My professor looked relieved when I nodded, only to then have his hopes dashed when I went, "My mom's part of the family is from Serbia. Before that they were from Spain." and the class's confusion spiked, resulting in them turning to him, certified race expert and dispenser of wisdom, to ask, "So where are they from?"
He hastily changed the topic to what was on the PowerPoint. Someone in the back went, "I mean, by Bible times they were hanging around the Middle East and travel sucked back then, so, like... I think they're from there?" and I saw this professor visibly have to keep it to together, as if deeply agitated by this observation.

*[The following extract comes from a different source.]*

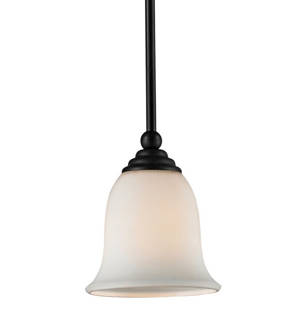This single light mini pendant’s matte black finish and matte opal shade brings class to any room without being overbearing.

The term refers to us, but we're not actually from a place. Displaced, but from nowhere, somehow simultaneously. Go back to your country, you have no country.
(Also if you're about to @ anyone on this post with, "wait aren't Romani Jewish people Jewish wanderers?" no, that's not the connotation you want to put on that. Just go with 'Romani Jewish'.)
Me: I wish goyim would make an effort to learn about Judaism and Jewish culture and history
Goyim: utterly butcher the terms “Zionism” “Ashkenazi” “Sephardi” “Mizrachi” “tikkun olam” “diaspora” “Holocaust”
Me: ok never mind, stop learning. No more effort. Don’t learn a new word ever again.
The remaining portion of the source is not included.